What you will do
Transcribe the entries below word for word, beginning at the line with "GDFStudio Lariya French" and stopping after the line with "The eclipse was"; drop all pictures.

Exercise data
▬▬▬▬▬▬▬▬▬▬

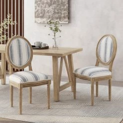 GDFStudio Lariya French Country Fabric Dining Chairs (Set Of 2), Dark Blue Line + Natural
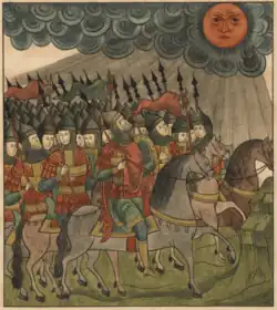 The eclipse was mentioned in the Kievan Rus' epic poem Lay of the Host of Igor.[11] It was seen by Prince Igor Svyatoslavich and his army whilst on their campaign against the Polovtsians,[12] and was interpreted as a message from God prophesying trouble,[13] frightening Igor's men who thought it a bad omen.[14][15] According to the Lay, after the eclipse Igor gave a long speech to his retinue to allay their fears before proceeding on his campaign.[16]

▬▬▬▬▬▬▬▬▬▬

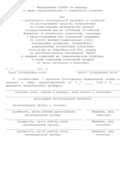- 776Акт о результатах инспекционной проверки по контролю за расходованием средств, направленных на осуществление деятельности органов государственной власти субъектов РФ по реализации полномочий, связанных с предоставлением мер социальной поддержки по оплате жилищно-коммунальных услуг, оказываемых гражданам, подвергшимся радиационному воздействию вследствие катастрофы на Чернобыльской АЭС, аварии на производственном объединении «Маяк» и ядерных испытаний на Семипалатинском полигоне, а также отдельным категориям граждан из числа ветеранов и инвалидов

▬▬▬▬▬▬▬▬▬▬

Response to this task
 GDFStudio Lariya French Country Fabric Dining Chairs (Set Of 2), Dark Blue Line + Natural
 The eclipse was mentioned in the Kievan Rus' epic poem Lay of the Host of Igor.[11] It was seen by Prince Igor Svyatoslavich and his army whilst on their campaign against the Polovtsians,[12] and was interpreted as a message from God prophesying trouble,[13] frightening Igor's men who thought it a bad omen.[14][15] According to the Lay, after the eclipse Igor gave a long speech to his retinue to allay their fears before proceeding on his campaign.[16]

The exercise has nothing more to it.